Most of Carnegie's libraries do not have his name on them. Philadelphia, which received the second largest grant after NYC, built 25 branch libraries funded by Carnegie (the contract required the community to provide the land and 10% of the cost toward annual maintenance and operations). Those lovely buildings all have the branch name over the door (and often a plaque on the inside).
According to wikipedia:
Of the 2,509 such libraries funded between 1883 and 1929, 1,689 were built in the United States, 660 in Britain and Ireland, 156 in Canada, and others in Australia, New Zealand, Serbia, the Caribbean, and Fiji. Very few towns that requested a grant and agreed to his terms were refused.
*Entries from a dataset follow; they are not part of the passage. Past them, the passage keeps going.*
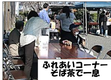
ふれあいコーナー そば茶で一息

会場に能登半島地震の義援金や緑の募金の募金箱を設置したところ開催時間だけで7000円以上の募金がありました。ご協力ありがとうございました。
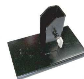
定置作業用スタンド (別売) 定価 ¥15,300
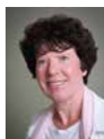
Biskop Lise-Lotte Rebel
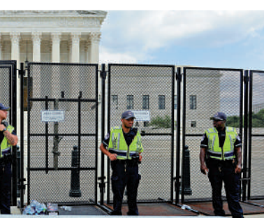
美國最高法院24日已經豎起鐵絲網，警察在場戒備。
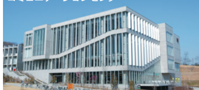
早稲田リサーチパーク コミュニケーションセンター

地域全体の連携拠点として、研究開発、人材育成、情報交流やコミュニケーション活動を展開しています。企業や地域住民に開かれた施設として、産学・公・地域が一丸となつての地域づくりを進めるための中核拠点です。

When the last grant was made in 1919, there were 3,500 libraries in the United States, nearly half of them paid for by Carnegie.
SLS, the only other Carnegie library I've seen (the one in Suva, Fiji) has his name in huge letters on the front - so I thought that was the norm - thanks for putting me right on that.
I usually visit the main library (Carnegie) in Suva when I'm there. It's not set out like modern libraries though. They really need an upgrade. The USP library is better, but they are strict on people talking! what a brilliant idea in those early days though for a philanthropist to set up libraries. Our libraries in Geelong all hve lots of computers these days and Donation in Kind are given far too many old Encyclopaedia sets which are rather boring I think.
w.
The library I remember going to a lot was the Nadi library. I could walk on my own from our house and past the police-station where my father worked. In the end they had to allow me more books than the ticket allowed because I couldn't wait to read the books so I would sit on the police station step on the way back and read. I'd finish the books and have to go back to the library to change them. So I was given special dispensation to have extra books so that I had enough reading material to get home!